Main Article Content

Kiran Bashir
Alina Noreen
Mehreen Arshad
Amna Tariq
Anees Arshad


Background: Stroke is a leading cause of disability worldwide, with upper extremity impairments presenting significant rehabilitation challenges. Constraint-Induced Movement Therapy (CIMT) has emerged as a potential intervention for enhancing upper limb functionality, but its efficacy compared to traditional therapy methods requires further exploration.

Objective: The study aimed to evaluate the effectiveness of CIMT versus traditional therapy in improving upper extremity function among stroke survivors.

Methods: In this quasi-experimental study, 58 stroke patients from Aziz Fatima and Allied Hospital in Faisalabad were recruited and allocated to either the CIMT group (n=29) or the traditional therapy group (n=29).

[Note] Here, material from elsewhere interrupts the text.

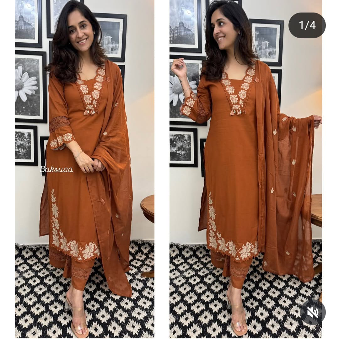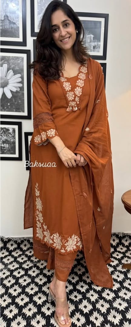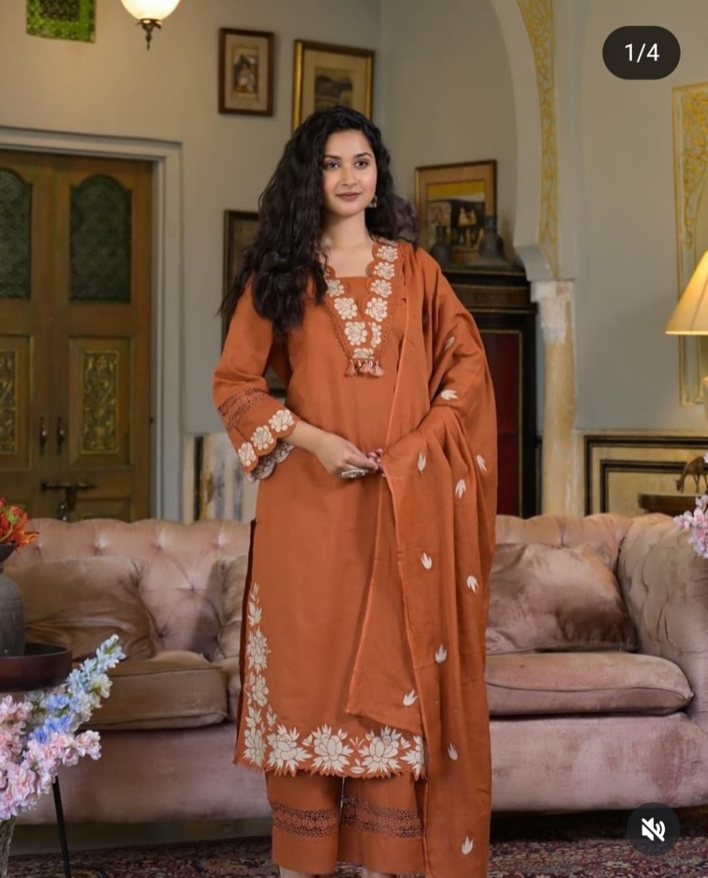 Upgrade your wardrobe with this exclusive and comfortable designer suit set, crafted in breathable cotton fabric and styled with elegant detailing. Perfect for both festive occasions and casual elegance. ๐ธ

Eligible participants were those aged 30-50 years with ischemic or infarctive stroke and impaired use of their hemiparetic arm. The CIMT group received standard treatment plus CIMT, while the traditional group received only standard treatment, including manual therapy and TENS, for 8 weeks. Pre- and post-treatment assessments utilized the Upper Extremity Motor Activity Log (UEMAL) scales. Data analysis was conducted using SPSS version 25, employing independent t-tests.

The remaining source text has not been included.